With the abrogation of Form 18 on December 1, we enter a brave new world where Twombly/Iqbal governs patent cases ... we think.  In truth, the amendments do not specifically address what abrogating Form 18 really means, but its absence strongly supports that patent owners can no longer file a bare-bones Complaint.  Instead, as Judge Robert E. Payne noted even pre-amendment in Macronix International Co. v. Spansion Inc. (finding that Twombly/Iqbal imposes a stricter pleading standard than embodied in Form 18), “before filing a complaint, counsel must ascertain exactly what claims should allege[ ] to be infringed and how they are infringed.”  4 F. Supp.3d 797, 803 (E.D. Va. 2014) (emphasis added).

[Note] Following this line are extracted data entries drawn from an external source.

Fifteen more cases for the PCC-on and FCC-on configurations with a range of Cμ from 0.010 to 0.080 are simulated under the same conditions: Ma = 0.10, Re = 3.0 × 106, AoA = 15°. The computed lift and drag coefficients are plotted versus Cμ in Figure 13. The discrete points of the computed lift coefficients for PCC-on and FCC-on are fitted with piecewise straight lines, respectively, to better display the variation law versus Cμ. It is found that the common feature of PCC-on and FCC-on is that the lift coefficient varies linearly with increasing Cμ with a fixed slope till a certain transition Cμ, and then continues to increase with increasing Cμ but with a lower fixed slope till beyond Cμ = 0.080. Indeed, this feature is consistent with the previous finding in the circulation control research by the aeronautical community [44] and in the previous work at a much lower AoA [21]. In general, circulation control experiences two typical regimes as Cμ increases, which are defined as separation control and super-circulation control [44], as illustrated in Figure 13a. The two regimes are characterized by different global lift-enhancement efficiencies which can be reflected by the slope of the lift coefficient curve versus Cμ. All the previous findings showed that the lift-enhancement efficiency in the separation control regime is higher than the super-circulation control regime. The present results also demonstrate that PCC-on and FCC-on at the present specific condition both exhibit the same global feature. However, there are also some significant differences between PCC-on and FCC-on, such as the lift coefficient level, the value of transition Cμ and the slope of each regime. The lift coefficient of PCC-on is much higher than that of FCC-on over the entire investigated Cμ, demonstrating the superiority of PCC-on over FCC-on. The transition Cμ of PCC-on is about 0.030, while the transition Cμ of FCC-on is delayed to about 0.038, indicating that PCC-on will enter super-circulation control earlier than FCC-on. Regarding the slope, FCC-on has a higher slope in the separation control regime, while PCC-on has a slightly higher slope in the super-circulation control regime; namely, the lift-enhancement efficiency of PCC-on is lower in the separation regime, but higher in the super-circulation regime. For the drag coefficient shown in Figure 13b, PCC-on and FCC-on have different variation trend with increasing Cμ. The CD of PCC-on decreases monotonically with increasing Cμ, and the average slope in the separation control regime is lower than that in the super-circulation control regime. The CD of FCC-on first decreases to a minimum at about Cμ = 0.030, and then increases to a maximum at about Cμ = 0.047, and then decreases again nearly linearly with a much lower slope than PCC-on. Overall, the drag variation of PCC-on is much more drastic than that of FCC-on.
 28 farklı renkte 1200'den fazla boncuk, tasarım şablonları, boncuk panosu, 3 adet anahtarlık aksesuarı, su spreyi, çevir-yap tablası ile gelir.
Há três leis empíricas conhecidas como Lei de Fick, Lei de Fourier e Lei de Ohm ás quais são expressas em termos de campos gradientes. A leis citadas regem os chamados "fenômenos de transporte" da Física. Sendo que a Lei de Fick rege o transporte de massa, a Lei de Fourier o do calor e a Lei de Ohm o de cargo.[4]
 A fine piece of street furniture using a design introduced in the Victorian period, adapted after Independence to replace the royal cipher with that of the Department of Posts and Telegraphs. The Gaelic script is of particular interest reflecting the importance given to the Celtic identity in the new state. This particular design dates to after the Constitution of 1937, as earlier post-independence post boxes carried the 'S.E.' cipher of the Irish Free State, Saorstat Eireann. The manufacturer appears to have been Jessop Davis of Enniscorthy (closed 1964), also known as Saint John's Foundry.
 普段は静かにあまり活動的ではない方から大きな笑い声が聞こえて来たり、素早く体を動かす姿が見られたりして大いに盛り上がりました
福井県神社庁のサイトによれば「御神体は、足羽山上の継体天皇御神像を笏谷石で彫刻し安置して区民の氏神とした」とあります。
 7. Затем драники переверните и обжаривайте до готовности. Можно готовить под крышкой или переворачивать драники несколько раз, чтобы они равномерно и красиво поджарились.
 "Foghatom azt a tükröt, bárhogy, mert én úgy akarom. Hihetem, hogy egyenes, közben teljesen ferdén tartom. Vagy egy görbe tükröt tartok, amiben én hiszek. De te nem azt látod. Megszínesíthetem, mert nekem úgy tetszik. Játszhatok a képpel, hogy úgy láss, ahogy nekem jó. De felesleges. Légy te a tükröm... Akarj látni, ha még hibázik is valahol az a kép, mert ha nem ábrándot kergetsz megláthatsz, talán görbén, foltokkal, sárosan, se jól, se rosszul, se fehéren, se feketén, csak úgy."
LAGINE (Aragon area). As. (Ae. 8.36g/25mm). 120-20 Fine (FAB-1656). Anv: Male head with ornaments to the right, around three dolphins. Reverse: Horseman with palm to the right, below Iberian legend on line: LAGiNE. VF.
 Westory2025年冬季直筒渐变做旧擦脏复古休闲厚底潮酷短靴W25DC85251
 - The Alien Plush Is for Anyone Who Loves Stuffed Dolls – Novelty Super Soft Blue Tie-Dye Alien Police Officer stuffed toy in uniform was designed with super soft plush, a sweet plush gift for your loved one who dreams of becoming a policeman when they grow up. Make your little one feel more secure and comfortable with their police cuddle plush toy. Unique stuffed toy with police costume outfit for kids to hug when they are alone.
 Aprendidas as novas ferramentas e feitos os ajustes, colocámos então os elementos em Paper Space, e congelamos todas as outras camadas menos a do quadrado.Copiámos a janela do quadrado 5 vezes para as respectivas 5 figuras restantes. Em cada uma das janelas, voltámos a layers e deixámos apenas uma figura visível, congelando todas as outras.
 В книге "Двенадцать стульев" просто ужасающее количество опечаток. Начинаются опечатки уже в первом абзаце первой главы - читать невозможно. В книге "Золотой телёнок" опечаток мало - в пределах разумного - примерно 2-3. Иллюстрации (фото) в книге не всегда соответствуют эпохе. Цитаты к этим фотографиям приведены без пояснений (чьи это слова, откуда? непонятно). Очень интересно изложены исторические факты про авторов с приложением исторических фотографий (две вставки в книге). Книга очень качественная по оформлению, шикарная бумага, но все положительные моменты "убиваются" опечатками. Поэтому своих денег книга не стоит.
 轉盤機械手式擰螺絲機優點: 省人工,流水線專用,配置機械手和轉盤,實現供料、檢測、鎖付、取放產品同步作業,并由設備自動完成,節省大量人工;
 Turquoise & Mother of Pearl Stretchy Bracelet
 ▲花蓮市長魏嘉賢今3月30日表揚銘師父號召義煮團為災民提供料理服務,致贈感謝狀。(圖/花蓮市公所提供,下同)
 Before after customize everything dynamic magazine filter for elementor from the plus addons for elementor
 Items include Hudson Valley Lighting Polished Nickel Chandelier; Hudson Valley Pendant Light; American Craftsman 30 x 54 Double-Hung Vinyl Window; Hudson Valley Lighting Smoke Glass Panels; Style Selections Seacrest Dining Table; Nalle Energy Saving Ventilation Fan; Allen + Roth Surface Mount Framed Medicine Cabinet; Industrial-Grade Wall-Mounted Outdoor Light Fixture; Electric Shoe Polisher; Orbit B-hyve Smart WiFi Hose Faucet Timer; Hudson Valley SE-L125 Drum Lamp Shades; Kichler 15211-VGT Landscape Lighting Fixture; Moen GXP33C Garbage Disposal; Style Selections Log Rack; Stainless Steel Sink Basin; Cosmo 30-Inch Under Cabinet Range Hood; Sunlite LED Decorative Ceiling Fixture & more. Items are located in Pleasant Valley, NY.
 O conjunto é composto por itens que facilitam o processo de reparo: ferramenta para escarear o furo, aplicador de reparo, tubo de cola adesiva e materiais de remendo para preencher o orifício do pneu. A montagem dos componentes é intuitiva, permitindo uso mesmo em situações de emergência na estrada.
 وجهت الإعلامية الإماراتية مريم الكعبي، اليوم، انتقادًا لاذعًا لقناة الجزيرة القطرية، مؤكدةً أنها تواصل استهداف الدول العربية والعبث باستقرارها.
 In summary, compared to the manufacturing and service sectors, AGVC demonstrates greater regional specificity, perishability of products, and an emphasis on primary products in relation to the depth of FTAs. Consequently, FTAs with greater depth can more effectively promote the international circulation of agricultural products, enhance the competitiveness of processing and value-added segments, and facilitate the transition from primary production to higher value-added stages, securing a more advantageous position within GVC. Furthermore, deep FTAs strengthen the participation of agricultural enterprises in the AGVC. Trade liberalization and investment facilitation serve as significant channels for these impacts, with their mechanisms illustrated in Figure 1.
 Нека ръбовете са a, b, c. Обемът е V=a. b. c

It remains to be seen how courts react to the absence of Form 18, but practitioners asserting patent infringement complaints under the amended rules will be well-served to provide more fulsome allegations that, at a minimum, identify one or more claims of the patent(s)-in-suit allegedly infringed, identify one (or more) products/systems/methods/etc., allegedly infringing such claim(s) of the patent(s)-in-suit, and specifically describe – on an element by element basis – how at least one product/system/method/etc., infringes one claim of the patent(s)-in-suit.  This should be enough to comply with Twombly/Iqbal (at least until we have some decisions saying otherwise).  On the other side of the "v," if presented with a Form-18ish complaint filed in the wake of the amendments, practitioners should consider a challenge under Twombly/Iqbal.